Donc, quand on veut des vraies représentations, il ne faut pas hésiter à lire de l’autoédition et des publications de maisons d’éditions indépendantes.
Les librairies indépendantes peuvent aussi proposer des contenus militants et des représentations rares. Malheureusement, elles sont surtout présentes dans les grandes villes.
Les fanfictions
S’il y a un domaine littéraire où la liberté créative peut s’exprimer, c’est celui des fanfictions. (Comme son nom l’indique, il s’agit d’œuvres de fiction imaginées par des fans.) Même si souvent, les auteurs.ices se cantonnent à inventer des romances entre les personnages (pour le meilleur ou pour le pire), on voit aussi beaucoup de ces œuvres s’aventurer sur des terrains où l’œuvre d’origine n’a pas osé aller. On voit ainsi arriver des représentations de minorités. C’est la preuve qu’elles sont nécessaires et demandées par le public, puisque quand il n’y en a pas, on les invente. Les fanfictions tentent donc de combler ce manque. Et ce, sans pression éditoriale, commerciale ou autre, puisque tout est publié sur internet à titre gratuit.
Le rôle des nouvelles gratuites et des contenus bonus
Les contenus gratuits jouent un rôle essentiel dans cette dynamique. Offrir ainsi un accès gratuit à des récits contenant des représentations rares permet de toucher un public plus large. Cela permet aussi de créer un lien direct avec les lecteurs, et de soutenir la diffusion d’idées qui dérangent. Dans ma nouvelle « Une prison de mensonges », je propose une représentation d’un personnage asexuel. C’est une chose encore trop rare dans la fiction. On en retrouve aussi dans le roman dont elle est la préquelle, Les Effacés.
Témoignages de survie littéraire
Rien n’est plus tentant que l’interdit. De nombreux romans interdits ont fini par devenir cultes, leur censure ayant paradoxalement renforcé leur aura. Ces histoires de survie littéraire sont autant de preuves que la fiction a une force qui dépasse les barrières imposées par l’oppression.
La Banned Book Week
Tous les ans depuis 1982, la Banned book week (semaine des livres interdits), incite les lecteurs à lire des livres interdits. Fondée par l’American Library Association et Amnesty Internaltional, cet évènement à lieu pendant la dernière semaine de septembre.

Livres censurés : la fiction, un espace de liberté et d’espoir pour les lecteurs engagés
Pourquoi continuer à lire et soutenir des livres censurés
Pour le lecteur engagé, la lecture de livres censurés est un acte militant. C’est une façon de défendre la diversité des voix, de nourrir sa réflexion sur les enjeux sociaux, et de s’immerger dans des univers qui résonnent avec ses valeurs. Ces récits offrent une catharsis émotionnelle tout en stimulant l’intellect.

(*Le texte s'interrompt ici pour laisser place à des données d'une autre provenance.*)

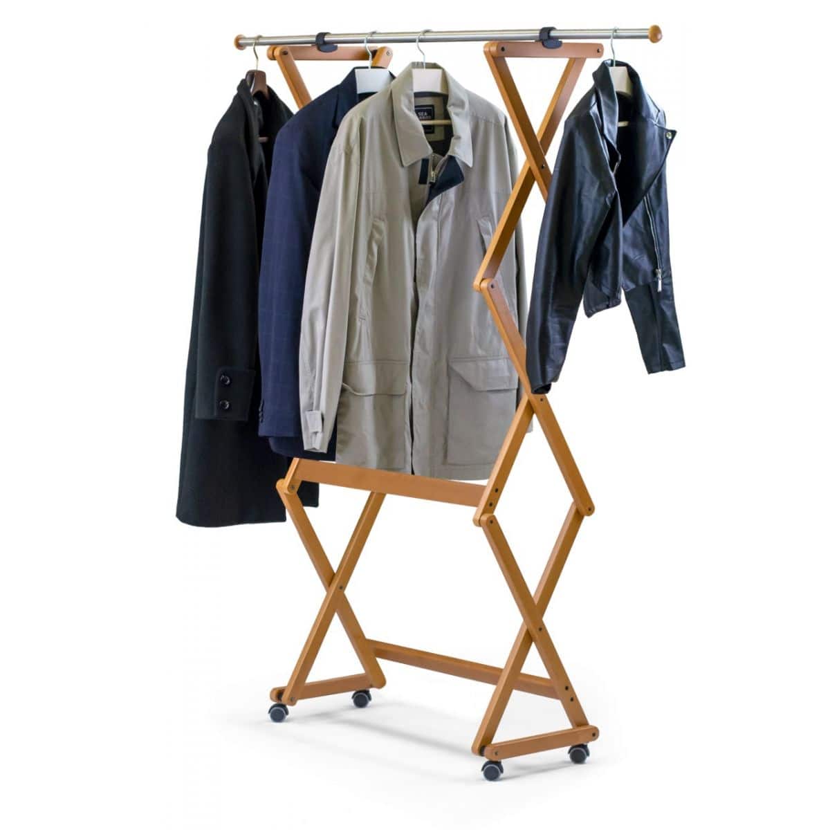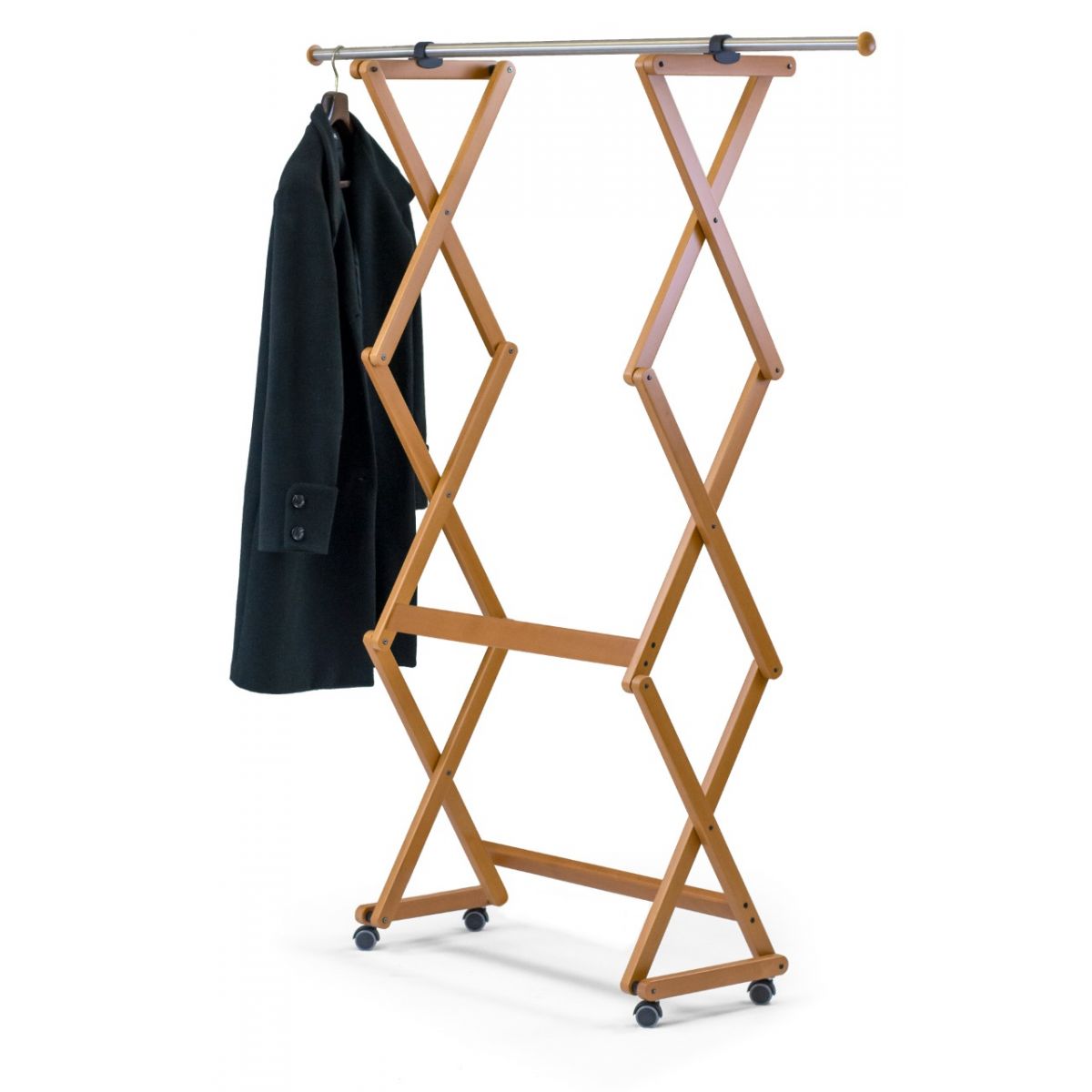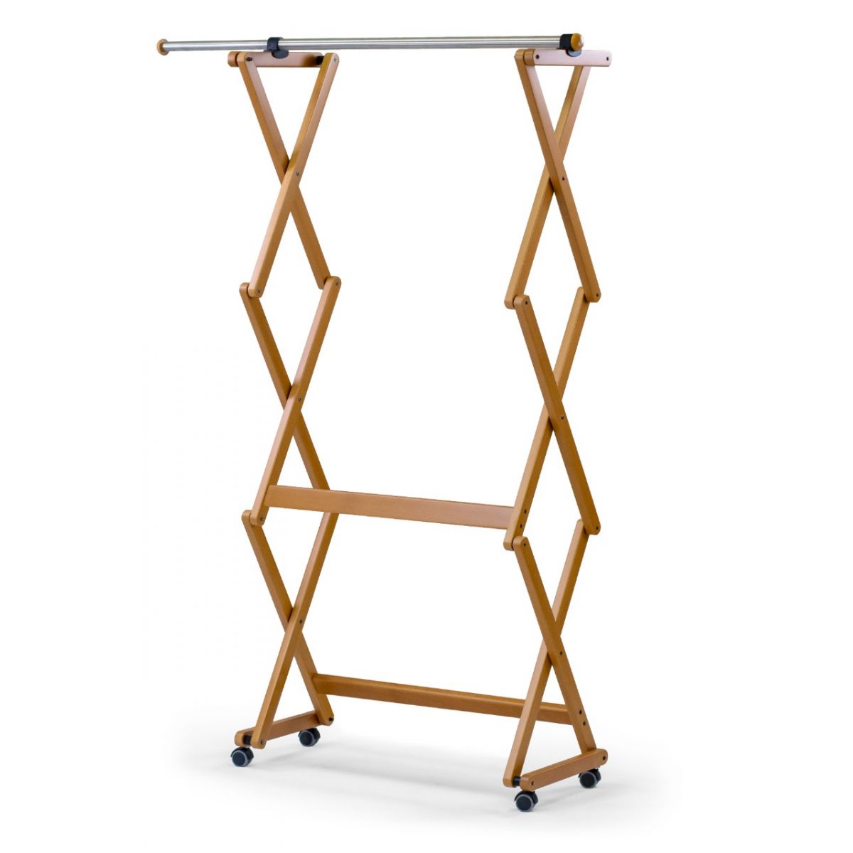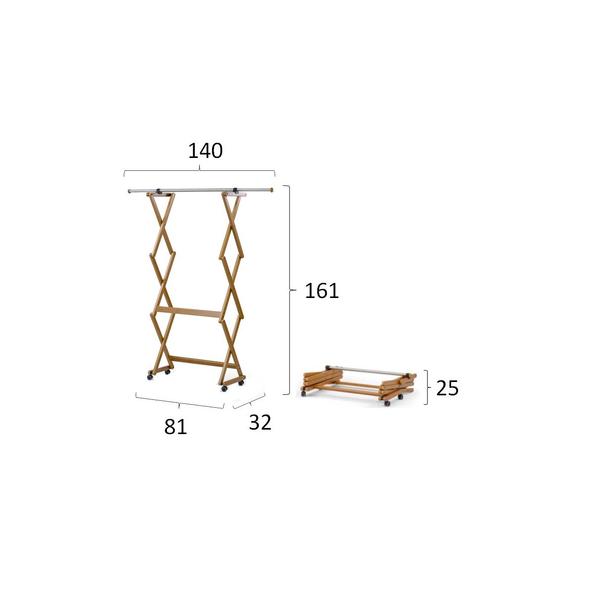 Avand o structura din lemn masiv de fag, suportul de umerase pliabil Felix este destinat utilizarii zilnice, iar sistemul de pliere este foarte rapid si usor, ajungand la o inaltime de doar 25 de centimetri. Suportul de umerase dispune de o bara extensibila pana la 140 cm.

C’est une façon de refuser de se soumettre.

L’impact sur le lecteur : émotions et réflexion
Les histoires qui dérangent provoquent des émotions fortes (peur, colère, espoir) tout en invitant à une réflexion profonde sur la société. Elles permettent de s’identifier à des personnages complexes et de trouver un écho à ses propres combats. C’est particulièrement précieux pour les lecteurices sensibles aux injustices et aux causes de notre époque.
Invitation à découvrir « Une prison de mensonges »
Parce que la fiction est une arme contre l’oppression, je vous invite à télécharger gratuitement ma nouvelle « Une prison de mensonges ». C’est une histoire qui explore les zones d’ombre d’un système dystopique cyberpunk. Elle est portée par des personnages nuancés et un style fluide, pour une expérience de lecture à la fois intense et porteuse d’espoir. (En tout cas, c’est ce qu’on m’a dit 😉 )
La censure des livres est un signe que la fiction continue de faire peur aux oppresseurs. Pour la simple raison qu’elle donne du pouvoir aux lecteurs.ices et aux auteurs.ices. En choisissant ces récits, vous participez, même modestement, à un mouvement de résistance indispensable dans un monde qui a tant besoin de liberté et de justice.